付兰雅很是高兴,但只收下了礼物,钱财和布票粮票一概不要。这眼镜也是一根筋,或者说用情太专一,自那日第一次见到付兰雅宛如弯月亮的笑眼,他就深深爱上了付兰雅。他们七个人中,原本就女多男少,一个男生对着一个女生还多余出来一个女生无处安放,如今他又移情在了付兰雅身上,于是就有两个女生单着了。赛兔子一心喜欢酒窝儿,大白羊又死缠烂打的追求一竖山风,疯丫头和一点梅就事先商量好了似的一起来嘲笑眼镜。眼镜为了维护自己的颜面,也是实心实意的想帮助付兰雅,看着她过得不如意他心里实在难受,说啥也不把带来的钱和布票粮票再拿回到青年场了,因而两个人推来让去的搁院子里撕扯起来了。
东方进回来见到这般光景,恼恨得要去捶打踢跺眼镜,当弄明白了眼镜不是意欲对付兰雅图谋不轨而是要给她钱和布票粮票,立时转怒为喜,不但心安理得的收取了他的钱物而且还十分高兴的挽留他一起吃午饭。付兰雅虽然没有当着眼镜的面指责东方进好不该贪图小便宜而坏了大名节,但内心深处却是十分的悲哀。眼镜也不想太早离开付兰雅身边,他明知道付兰雅有家庭有丈夫有孩子不可能跟他暗中相好,还是觉得能够在她身边呆一呆也是上天给他的恩赐,他把自己比喻成了段誉。
吃饭期间,付兰雅想起了花儿托她给三妮儿说媒一事,笑着问眼镜:“嫂子给你说个媳妇好不好?”眼镜不回答她,只说面条好吃。这面条时付兰雅亲手做的,他自从来到叶寨村喜欢上付兰雅还是第一次吃到付兰雅做的饭,压根就没去品味这面条是咸了还是淡了,只想着这是付兰雅做的,即便是一碗凄凄芽也顶得上最上乘的美味佳肴了。付兰雅见他情景,也就不再往下说了。东方进却不停的说哪儿好吃呀有点咸了,又说付兰雅八成儿将卖盐的打死了。
因落了一场春雨,眼镜又来付兰雅身边闲坐,体味那种守在心爱的女人身边的源自内心深处的涓涓暖流。通过几次接触,付兰雅从他的言行举止所透露出来的对她的默默关怀和爱护中已深知他对她的一片心了,唯恐欠他太多一颗心无法承受那种重负,故而再此说起给他说媳妇的话,只愿他早日遇见喜欢他而他也喜欢她的姑娘以便减轻她内心的不安。

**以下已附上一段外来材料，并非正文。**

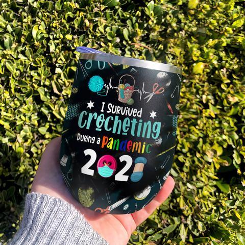I Survived Crocheting During A Pandemic 2021 Crochet Lover Pattern Wine Tumbler Crochet Gift Wine Tumbler, Personalized Tumblers, Tumbler Cups, Custom Tumblers

眼镜听了付兰雅的话,因不大高兴了而泛红了面皮,却没有说出诸如我心里只有你此类的话来。他什么话都没说,只是忧郁的望了一眼付兰雅。付兰雅只当他害羞了,笑道:“男大当婚女大当嫁,有啥难为情的呀!你属啥?”眼镜眨巴一下眼说:“属牛。”付兰雅说:“咦,真好,跟三妮儿一般大,三妮儿可是个难得的好闺女,你认识三妮儿吧?”眼镜不能说不认识,因为来回去李石磙家,总免不了要跟三妮儿照面,又听付兰雅的意思,必定是想要把她说给他当老婆,尽管三妮儿长相不差,对她也没有任何反感,但他委实接受不了她当老婆,于是顾左右而言他,问道:“嫂子你是属啥的?”
付兰雅不及开口回答,东方进抱着巧儿回来了,他一见小白脸跟付兰雅面对面的坐在院子里,离得那么近,一伸头就能碰着脸,不由得醋意大发怒火中烧,忘记了先前他的好。偏巧那只没送人的花脖子山羊跑到他跟前,便抬脚猛踢了它一下。羊羔吃疼,咩咩叫着跑开了。付兰雅不觉皱了一下眉头。眼镜站了起来笑说:“东方叔回来了。好几天没见到巧儿了,可想她了,我抱抱。”说着,伸过手来。东方进没好气的说:“俺闺女承受不起!”一面将巧儿塞给付兰雅,又说:“我说咋非叫我抱着巧儿出去玩!”付兰雅瞟他一眼,没言语。